If you manage international payments for a UK business, the differences between traditional banks and digital banks become apparent in day-to-day operations.

With traditional banks, costs tend to surface indirectly. Banks apply FX at execution, fees follow after settlement and transfer timing depends on cut-off windows and intermediary routing. Payment limits can force split transfers or delays that quietly compound across a month of payments.

Digital banks assume cross-border payments are routine. Holding funds in foreign currencies, choosing when to convert and paying locally reduces repeated FX charges and improves control over timing. Settlement is faster, balances are clearer and forecasting is simpler.

This article examines traditional banks vs digital banks across fees, speed and payment limits and how those differences affect UK businesses managing international payments as part of everyday operations.

Key takeaways:

  • Traditional banks hide much of the real cost in FX: Traditional banks embed FX margins and intermediary charges into exchange rates, which cover the actual cost of international payments. These hidden costs often outweigh stated transfer fees over time
  • Digital banks improve payment speed and cash flow control: Digital banks process payments continuously and rely less on correspondent routing, which shortens settlement times and makes cash flow easier to manage
  • Payment limits differ sharply between traditional and digital banks: Traditional banks apply daily caps and manual approvals that can slow large or time-sensitive payments. Digital banks design limits around active trading, allowing higher volumes without added friction
  • Multi-currency structure separates traditional banks from digital banks: Traditional banks centre accounts on a single base currency, forcing frequent conversions. Digital banks let businesses hold multiple currencies, reducing FX losses and the effort required for reconciliation
  • WorldFirst bridges the gap for international businesses: WorldFirst is not a bank but operates like a digital platform built for cross-border trade. The World Account helps businesses move beyond traditional banks by providing multi-currency control, clearer FX pricing and more efficient international payments

Open a World Account to manage international payments in multiple currencies and reduce unnecessary cross-border costs. WorldFirst is not a bank, but a payments and financial services provider.

What do we mean by traditional banks?

Traditional banks are regulated financial institutions that provide core banking services and use correspondent banking networks for international payments, often resulting in higher costs, slower settlement, and less transparency.

Their operating model assumes that most business activity happens in a single base currency, with international payments handled as exceptions rather than routine flows.

As a result, banks process cross-border payments through older infrastructure rather than integrating them into everyday account management.

In practical terms, this typically means:

  • Single-currency business accounts by default, with foreign currency converted at the point of payment
  • International transfers routed through correspondent banking networks, most commonly SWIFT
  • FX pricing and intermediary charges handled internally, with limited customer control over timing or rate selection
  • Payment cut-off times and approval thresholds that prioritise risk containment over speed
  • Compliance and review processes layered onto legacy systems, increasing friction as volumes or values grow

Traditional banks remain central to domestic lending, deposits and cash management.
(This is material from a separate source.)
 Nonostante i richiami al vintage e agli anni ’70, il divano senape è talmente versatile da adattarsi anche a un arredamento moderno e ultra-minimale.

Their international payment capabilities, however, were added mainly as businesses globalised, rather than designed for companies that move money across borders as part of normal operations.
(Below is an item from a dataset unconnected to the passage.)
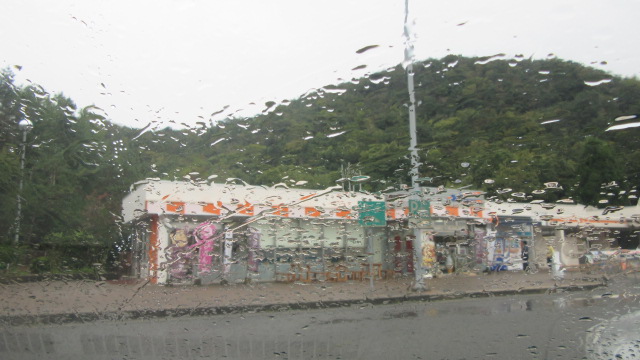 | 興奮冷めぬまま観音寺にある『湯屋 琴弾廻廊』へ移動。この時のカーナビ設定ミスで地道を延々2時間。 その上変な路地や行き止まりの堤防、軽四でも脱輪しそうな途中でカーブした踏切走行などを経て、 何とか昼前に到着したときにはグッタリでした。 『珍道中』の言葉ピッタリのひととき。 でも台本無しの旅もまた楽し、いやご迷惑だったかも(^_^;) 雨の降りしきる露天温泉に浸かり二日間の疲れとアルコールを落とし、 瀬戸の海が霞んでいる風景を肴に、ノンビリと食事をしました。 |

What do we mean by digital banks?

Digital banks and online payment service providers are regulated financial institutions that operate primarily online, offering banking and payment services through digital platforms and technology-driven systems, with faster processing, lower fees, and greater transparency than traditional banks.

Their operating model assumes that businesses receive, hold and pay in multiple currencies as part of regular trading activity.

Digital banks treat international payments as expected account functions, not exceptions layered onto existing infrastructure.

In practical terms, this typically means:

  • Multi-currency accounts that allow businesses to hold, receive and pay funds in foreign currencies without immediate conversion
  • Local receiving and payment routes that reduce reliance on correspondent banking networks
  • Direct FX execution and rate visibility, giving finance teams control over when and how conversions occur
  • Higher or more flexible payment limits, designed to support regular international trading volumes
  • Automated compliance and payment flows, reducing manual review and operational delays

Digital banks focus on transactional efficiency and cost control rather than bundled banking services. For UK businesses with recurring international payments, this model offers more transparent pricing, faster settlement and more predictable cash flow management.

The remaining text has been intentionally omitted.